[MUD-Dev] MMORPG Politics (was D&D vs. MMORPG "complexity")

David Kennerly kennerly at sfsu.edu
Sat Apr 12 00:32:42 New Zealand Standard Time 2003

Kwip wrote:

> I mean besides out and out laws - rather things like tax breaks

Richard Garriott's favorite feature of any online game was territory and
taxation in Lineage.

    "Once you take a castle, you can set the taxation rate for the
    general region, and you get the money for your group."  (July
    17, 2002)


What are some examples from other MMORPGs?

Or from MM P&P RPGs?  :)

> But is such a system -someday- feasible?

Maybe.  Matt Mihaly, others on the list, and myself have done some
of this and more.

I designed and scripted a political system in 1999 in Dark Ages.
It's not your order, but it's a player-driven political system.

I described the system in an article:

    Dark Ages Politics in Theory and Practice


for Imaginary Realities (September 2000).  Since then I evolved the
political system each year, so the current politics has different
proportions and expanded structure.

> Would that be trying to wear too many hats for a MOG to undertake?
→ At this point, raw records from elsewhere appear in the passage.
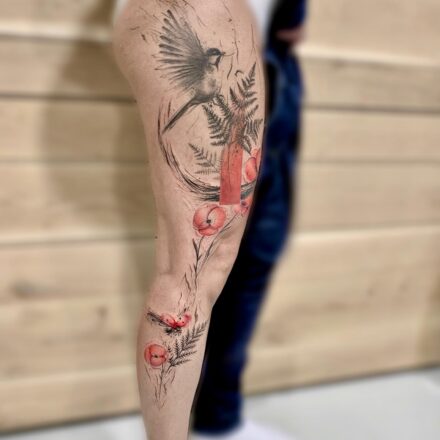 Tetování ptáci, vlčí mák na ruku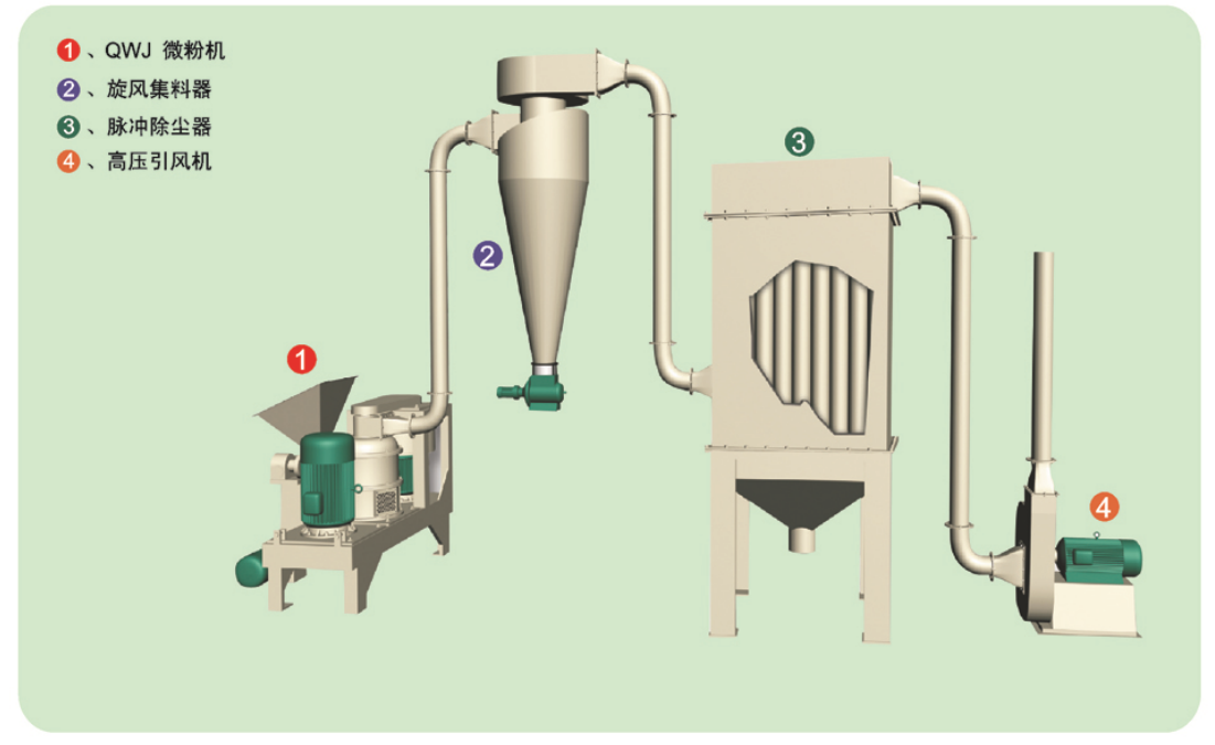 ① 本機(jī)是一種立軸反射型微粉碎機(jī),在粉碎室內(nèi)設(shè)有分級裝置,粉碎后的物料受氣流作用,經(jīng)分級裝置而收集,分級裝置取代通常粉碎機(jī)篩網(wǎng),能同時完成微粉粉碎和微粉分選的兩道加工工序,粉碎效率高。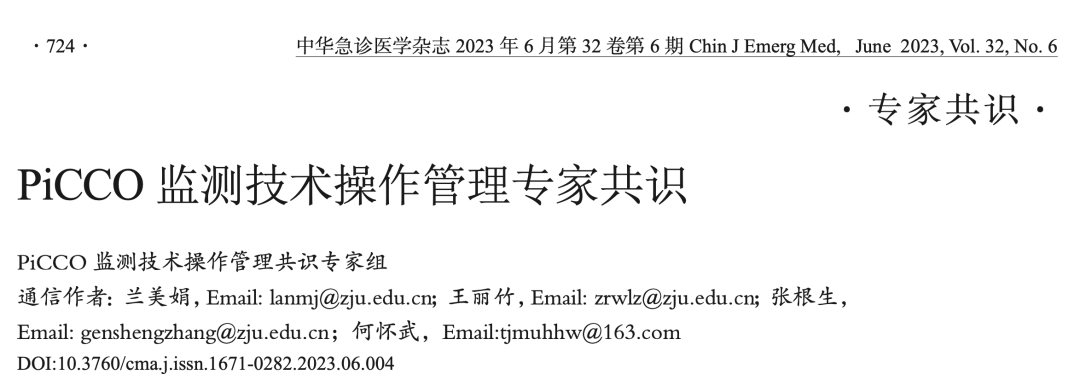 PiCCO 监测技术操作管理共识专家组. PiCCO 监测技术操作管理专家共识[J]. 中华急诊医学杂志, 2023,32(6): 724-735.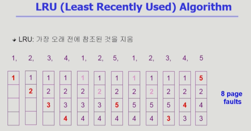 - 가장 오래 전에 참조된 것을 지우고 최근에 쓰인 것은 남기는 것. 최근에 쓰인 페이지가 또 쓰일 것이라고 가정하는 알고리즘.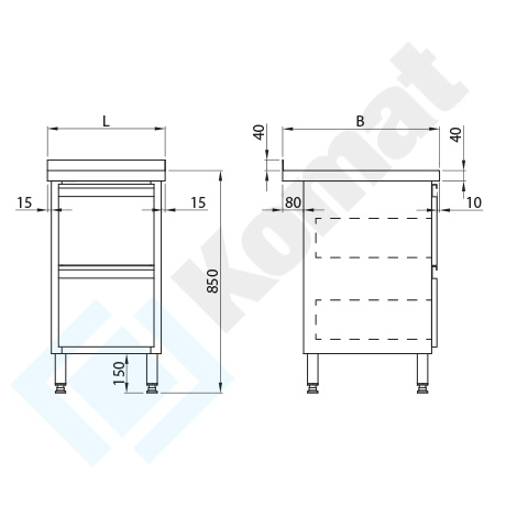 - nogi H=150mm wykonane z profili 40x40x1,2mm, zakończone stopą z Poliamidu PA6 z regulacją wysokości w zakresie -10/+20mm

I don't think workload is the bottleneck.  I designed, scripted, and
administrated a political system for thousands of players as a
fraction of my full-time job.

I think making it fun for the citizen players is the bottleneck.
What is an example of politics being fun for citizens in the real

Some people ask if online games are addictive.  What is more
addictive than political power?  What destroys more lives?  Ruins
more communities?  Political power is an addiction to which no one
is immune.

For example, the same Richard Garriott also liked role-playing a
king in Lineage.

  "That's a fascinating landscape for Lord British to step into and
  try to play the peacemaker like he did in the Ultimas.  He's here
  to help root out the despotic rulers and help find the true kings
  who should be in power in the land and to act as a spiritual guide
  to the path of virtue."


That's a discouraging sign.  Sounds like Lord British is having fun,
but at who's expense?  This point reminds me of the ring of power in
The Lord of the Rings.  Richard should know better than to wear it
so often.  For a man who wanted to improve ethics of players (same
interview) he should set the example and not equip the Ring of
Power, exempting himself from normal player status.  To set a Good
example, one should be a Good player, not a God player.